Dalam sebuah pernyataan setelah pertemuan menteri pertahanan ASEAN-China pada tahun 2021, Prabowo mengatakan dialog dan konsultasi berdasarkan saling percaya bisa menyelesaikan semua masalah di perairan yang diperebutkan, dan ia mendukung negosiasi lanjutan mengenai Panduan Perilaku di Laut China Selatan (code of conduct) yang akan menetapkan klaim wilayah dan hak di antara semua pihak.
"Jika Laut China Selatan dikelola dengan baik, itu akan memperkuat kemitraan yang setara dan saling menguntungkan, yang sangat dibutuhkan untuk menciptakan perdamaian dan stabilitas global," katanya dalam pernyataan itu.
Namun, ketika topik Laut China Selatan dibahas selama debat presiden pada bulan Januari, Prabowo menekankan Indonesia perlu memperkuat kemampuan pertahanan maritimnya agar dapat membela diri di Laut Natuna Utara.
Segmen yang diklaim China secara sepihak tumpang tindih dengan zona ekonomi eksklusif Indonesia di dekat Kepulauan Natuna, dan China mengeklaim hak perikanan di perairan tersebut, hingga menyebabkan beberapa insiden bentrok di masa lalu.
Pembicaraan Prabowo mengenai peningkatan pertahanan maritim menunjukkan ia mungkin lebih tegas dalam menegakkan kedaulatan Indonesia di bagian tersebut dari lautan.
"Saya tidak melihat Prabowo akan memprovokasi perkelahian, tetapi akan menarik untuk melihat apa yang terjadi jika ada insiden lain [di Natuna], yang hampir pasti akan terjadi," kata Pepinsky dari Cornell.
Manifesto kampanye Prabowo juga menggambarkan Laut China Selatan sebagai tantangan strategis bagi Jakarta, dan konflik masa depan antara AS dan China atas jalur perairan yang diperebutkan tersebut seharusnya diantisipasi untuk meminimalkan potensi ancaman terhadap Indonesia.
Baca Juga: Media Asing Ramai Beritakan Prabowo Unggul di Pilpres 2024: Winter is Coming
Minimasi tersebut mungkin datang dalam bentuk diplomasi lebih lanjut. Pepinsky menyarankan jika China terus menyajikan tantangan strategis bagi tetangga Indonesia di Laut China Selatan, Prabowo mungkin akan mencoba berperan lebih "penuh perdamaian".
"Ia akan bersemangat untuk dilihat sebagai tipe orang yang dapat duduk bersama Xi Jinping atau kepala negara China lainnya," katanya.

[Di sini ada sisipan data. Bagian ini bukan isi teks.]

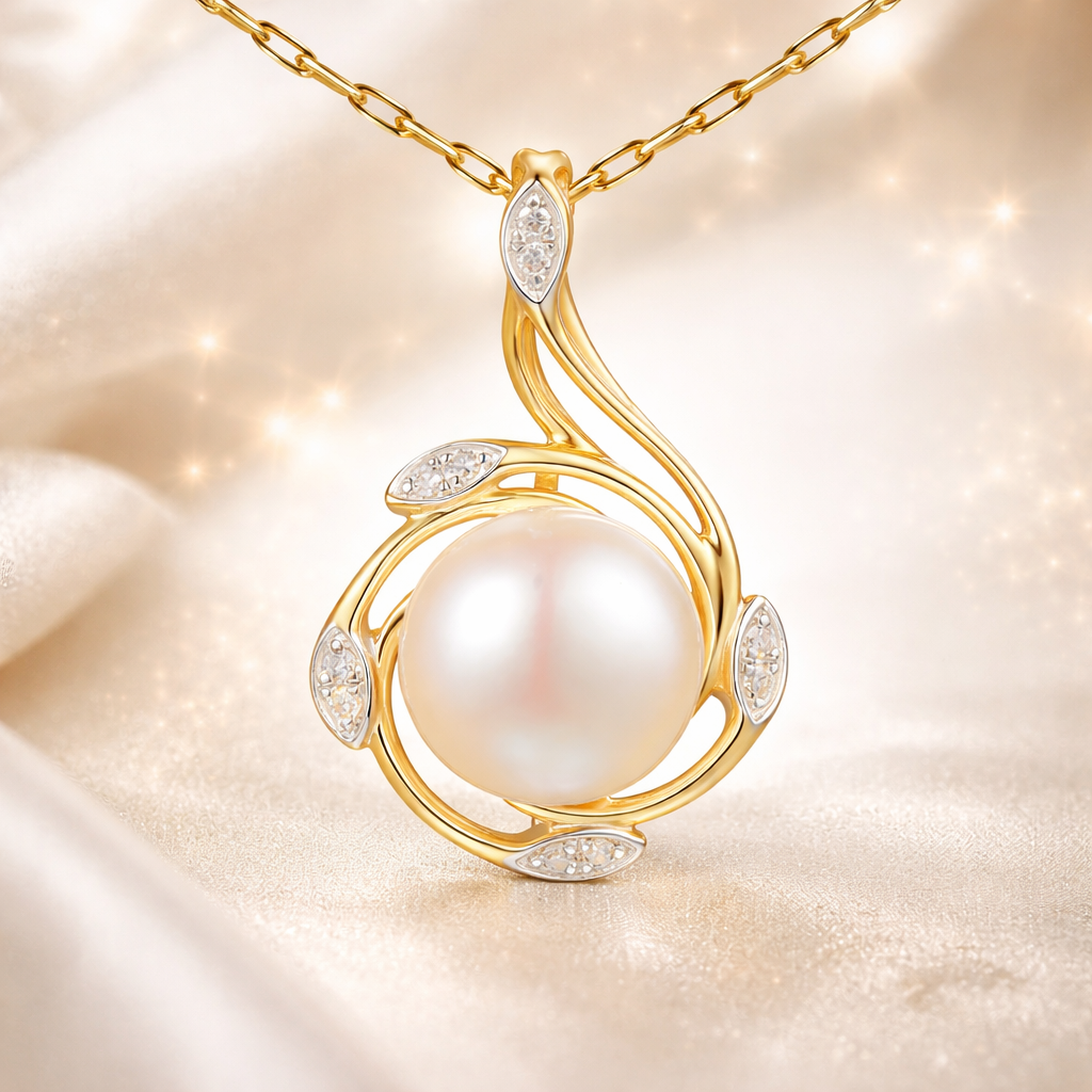 Perła została otoczona finezyjną, złotą oprawą o lekkiej i nowoczesnej formie, która nadaje zawieszce wyjątkowej lekkości i elegancji. Kompozycję dopełniają diamenty o łącznej masie 0,04 ct w szlifie SCD, które subtelnie rozświetlają całość i pięknie podkreślają naturalny blask perły.
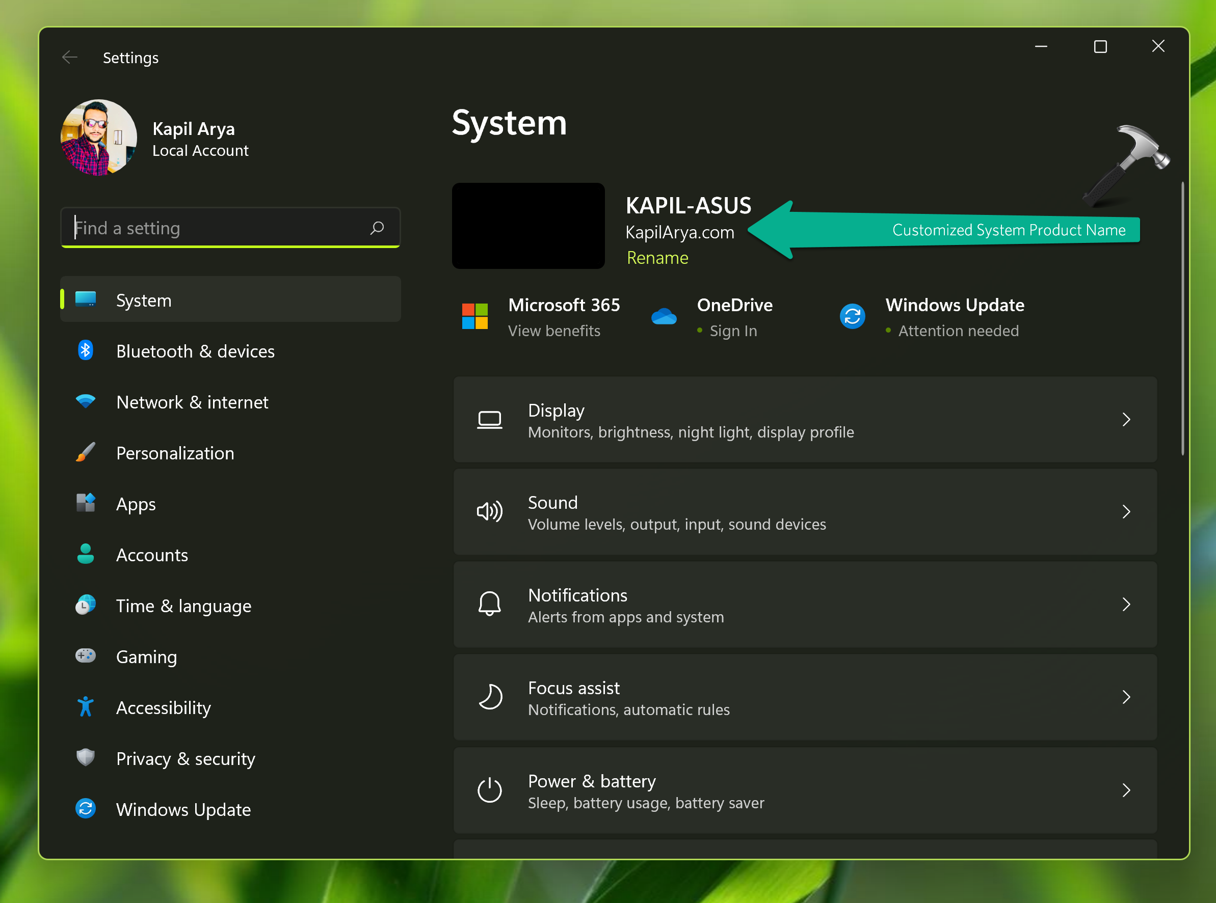 + i設定アプリを起動するキーが今すぐキーになります。設定アプリを開くと、システムの下で、以下に示すようにカスタマイズされたシステム製品名を見つけることができます。
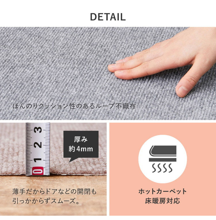 裏面が床にぴたっとくっつく加工で滑りにくい、吸着タイプの廊下敷きマットです。床のキズ防止や足元の冷え防止、足音などの防音対策に。ハサミやカッターナイフでカットできるため、お好きなサイズでお使いいただけます。毛足が短くお手入れもかんたん、汚れても手洗いOKだからいつも清潔に使え、お子様やペットと暮らすご家庭にもおすすめです。床暖房にも対応しています。
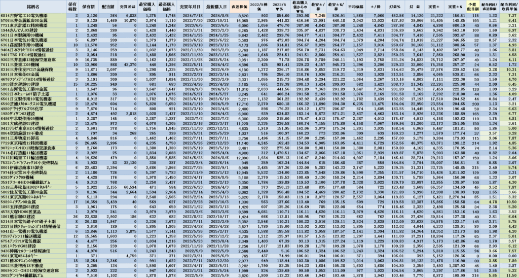 結果は必ずしも高配当株が上位ではなかった訳ですが、100%以上のパフォーマンス54銘柄一覧を普段は売買判断に利用している管理画面のスクショで紹介します

Tentang kebijakan luar negeri secara umum, Umar dari University of Queensland mengatakan Prabowo ingin mengambil peran internasional yang lebih proaktif daripada pendahulunya.

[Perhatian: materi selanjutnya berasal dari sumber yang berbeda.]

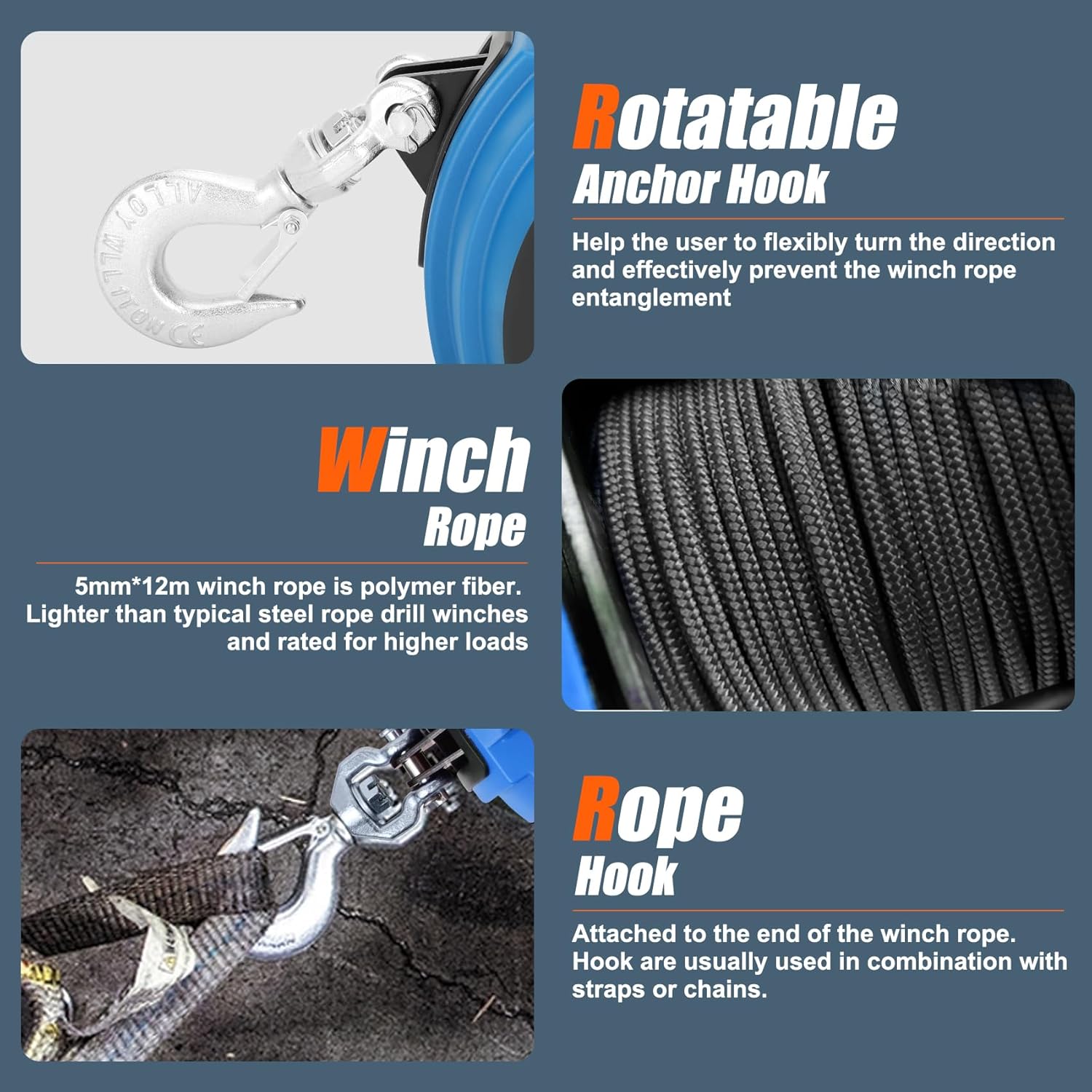 Portable Drill Winch of 1000 LB, Red Handheld Drill Winch with 40 Foot Synthetic Rope, Rotate The Hook 360 Degrees, for Lifting & Dragging (Blue)

Sebagai contoh, pada dialog keamanan di Singapura bulan Juni, Prabowo keluar dari skrip ketika mengusulkan perdamaian untuk perang di Ukraina tanpa berkonsultasi dengan Jokowi. Ukraina menggambarkan proposal Prabowo, yang mencakup referendum tentang wilayah yang diperebutkan, sebagai "rencana Rusia".

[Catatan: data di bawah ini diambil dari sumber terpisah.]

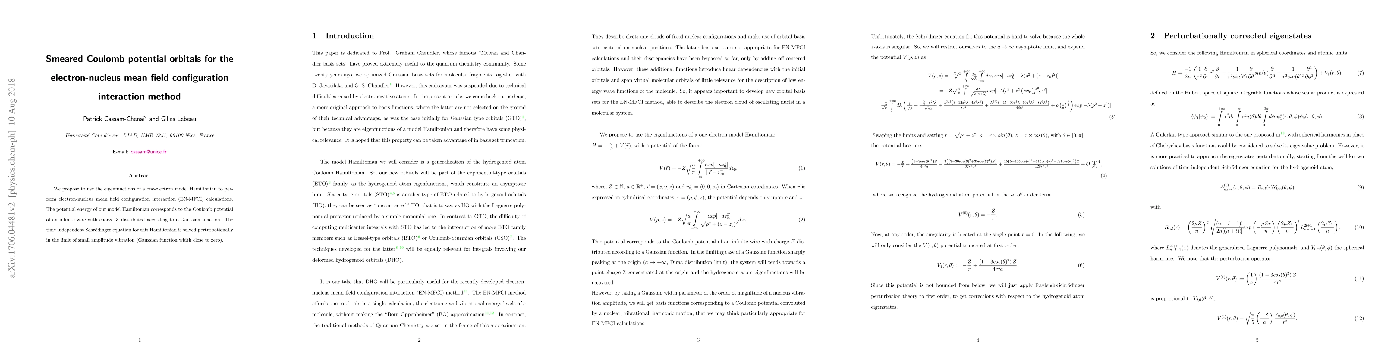 The paper proposes using eigenfunctions of a one-electron model Hamiltonian with a smeared Coulomb potential for EN-MFCI calculations. The potential energy corresponds to an infinite wire with charge Z distributed as a Gaussian function, solved perturbatively for small amplitude vibration.
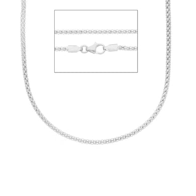 CHAÎNE EN OR BLANC 18 CARATS PETIT PANIER MAILLON RONDE POP-CORN 2 MM LARGEUR 19,69 PO
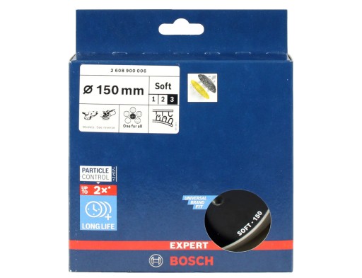 Talerze szlifierskie firmy BOSCH charakteryzują się wysoką wytrzymałością i dużą trwałością, a dzięki specjalnej geometrii krawędzi talerza (w kształcie pagody) firma BOSCH zmniejszyła sztywność talerza w strefach brzegowych uzyskując tym samym dużo lepsze i skuteczniejsze właściwości szlifowania, zwłaszcza powierzchni zaokrąglonych, czy szlifowanie krawędzi. Dodatkowo w talerzach firmy BOSCH zastosowano specjalną piankę, która idealnie dopasowuje się do obrabianej powierzchni i pozwala uzyskać perfekcyjny efekt końcowy obrabianego materiału.
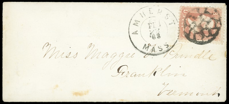 Honeycomb, duplexed with "Amherst Mass., Feb 22 '63" cds ties 3¢ rose (65) on cover to Franklin Vt., Very Fine.
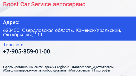 Boost Car Service, автосервис по адресу 623430, Свердловская область, Каменск-Уральский, Октябрьская, 111 в дальнейшем Организация, размещена в следующих категориях:
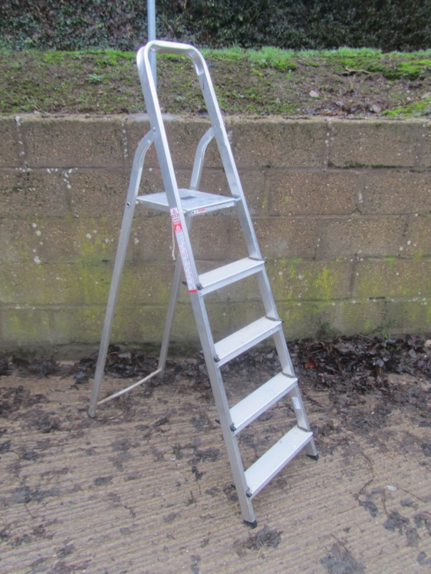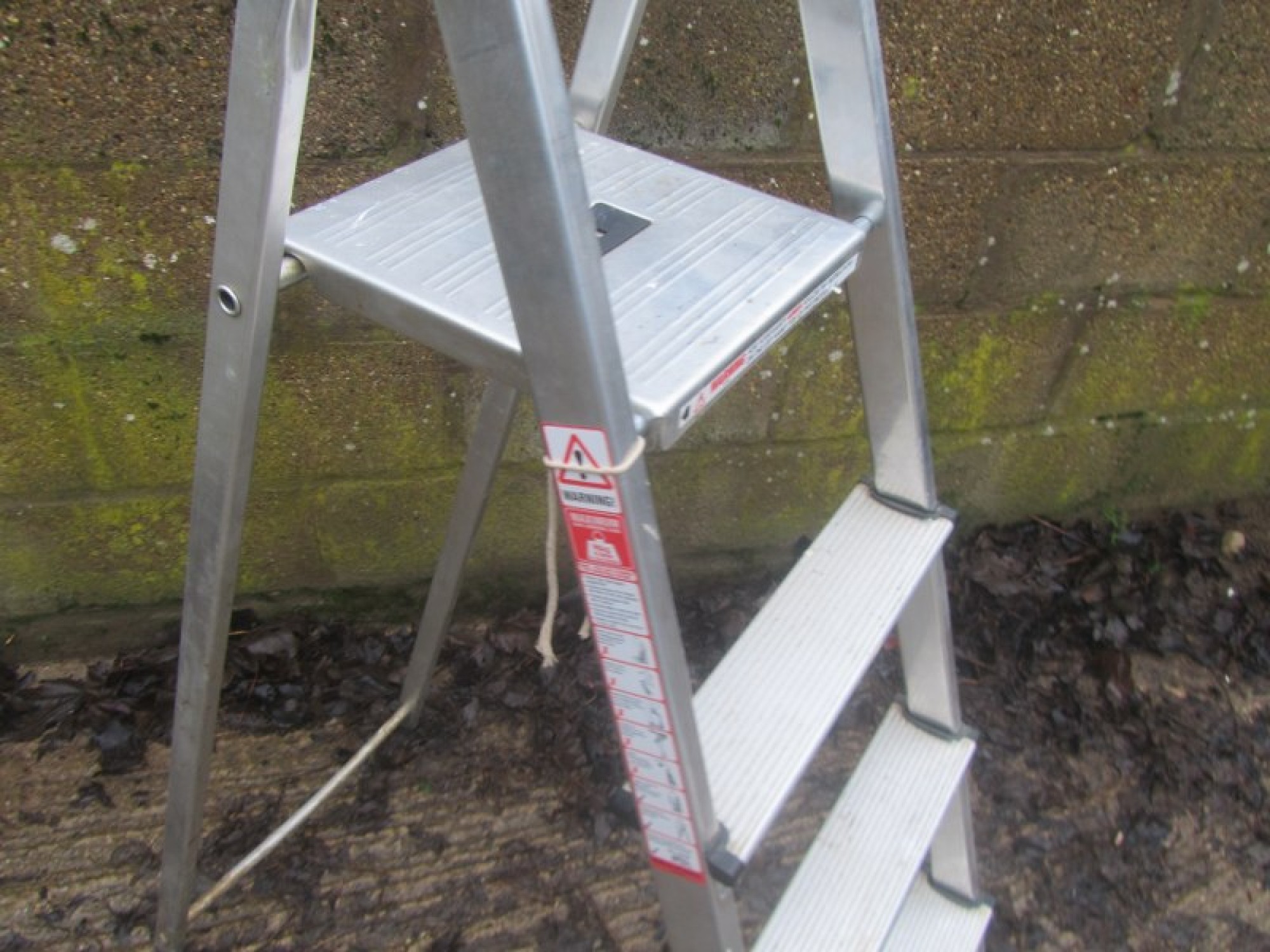 A TALL SET OF STEP LADDERS. THEY ARE STURDY, MADE FROM ALUMINIUM. LIGHTWEIGHT, THEY FOLD FLAT FOR STORAGE. PAINT SPLASHES.

Umar juga berpendapat Prabowo ingin "memperkuat hubungan dengan AS di tingkat pertahanan, terutama dalam konteks Laut China Selatan". Seperti banyak jenderal Indonesia, Prabowo mendapatkan pengalaman luas di Barat sebagai bagian dari pelatihan militernya.
Ia menerima sebagian pendidikannya di Fort Bragg AS, sekarang disebut Fort Liberty, serta di Jerman, menggambarkan hubungan Indonesia selama puluhan tahun dengan AS dalam hal pertahanan, sesuatu yang tidak akan segera diulangi oleh China.
"Prabowo akan menjaga keseimbangan [dalam persaingan AS-China yang meningkat] dengan membangun hubungan yang lebih kuat dengan AS di sektor pertahanan, terutama dalam konteks modernisasi peralatan pertahanan Indonesia," kata Umar.
Memang, sesuatu yang sering dibicarakan oleh mantan jenderal tersebut, baik sebagai politisi maupun menteri pertahanan, adalah pentingnya memperkuat kekuatan militer Indonesia, menjadikannya negara yang kuat dan mampu membela kepentingannya sendiri.
Tetap menjadi tanda tanya apakah kepentingan yang diprioritaskan selama masa jabatannya sejalan atau bertentangan dengan kepentingan China.